Panca Rajantara | 206 comments @wirotomo bagaimana kalo tugas matahari dan bulan diganti shiftnya ... bulan bertugas bersinar disiang hari dan matahari bertugas menyinari bumi dimalam hari ?

da teteup atuh nyak .. dijamin moal ngaruh.... tapi jadinya seluruh umat manusia jadi jetlag dah lol

apa kabarnya batman ya


message 45: by Dharwiyanti (new)

Dharwiyanti | 162 comments Batman cuti dulu kali Kang... diganti Danny Phantom yang ga kenal siang malem...


message 46: by Wirotomo (new)

Wirotomo Nofamilyname | 2404 comments @ Berlian:
Udah cup cup nggak usah nangis nanti Oom Tomo belikan susu ... hehehe dari tadi nggak jauh2 ya dari susu ...
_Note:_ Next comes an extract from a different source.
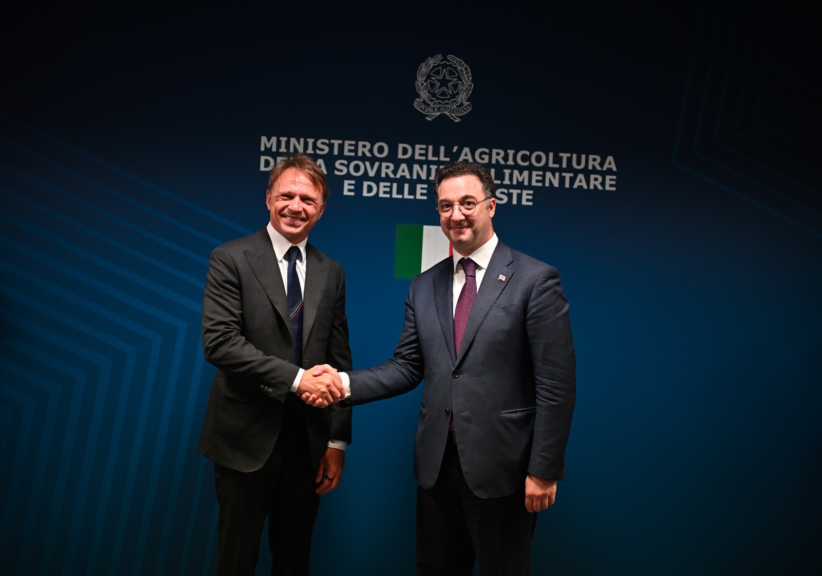 იტალიის რესპუბლიკის სოფლის მეურნეობის, სურსათის სუვერენიტეტისა და სატყეო მეურნეობის მინისტრთან გამართულ შეხვედრას საქართველოს საგანგებო და სრულუფლებიანი ელჩი იტალიის რესპუბლიკაში თამარ ლილუაშვილი, ღვინის ეროვნული სააგენტოს თავმჯდომარე ლევან მეხუზლა და გარემოს დაცვისა და სოფლის მეურნეობის სამინისტროს საერთაშორისო ურთიერთობების და ევროინტეგრაციის დეპარტამენტის ხელმძღვანელი დავით ჩიტაიშვილი ესწრებოდნენ.

message 47: by Dharwiyanti (new)

Dharwiyanti | 162 comments emang di Bosscha mo liat apa atuh ceu?
takut yang item2 ga keliatan ya kalo malem? hihihi...


message 48: by [deleted user] (new)

bukan, goodteaser


message 49: by Panca (new)

Panca Rajantara | 206 comments no comment ah
bisi hoyong


message 50: by Mel (last edited Dec 04, 2008 04:31AM) (new)

Mel | 720 comments aih. observatorium ini bawa2 susu dan cup juga..
koppprooossss..*mengutip gieb*
apakah gerangan kopros? nah itu bisa jadi plesetan baru :P

@ron, boljug tuh istilahnya.
@panca, lo kalo lagi hoyong pasti monyong2 ya.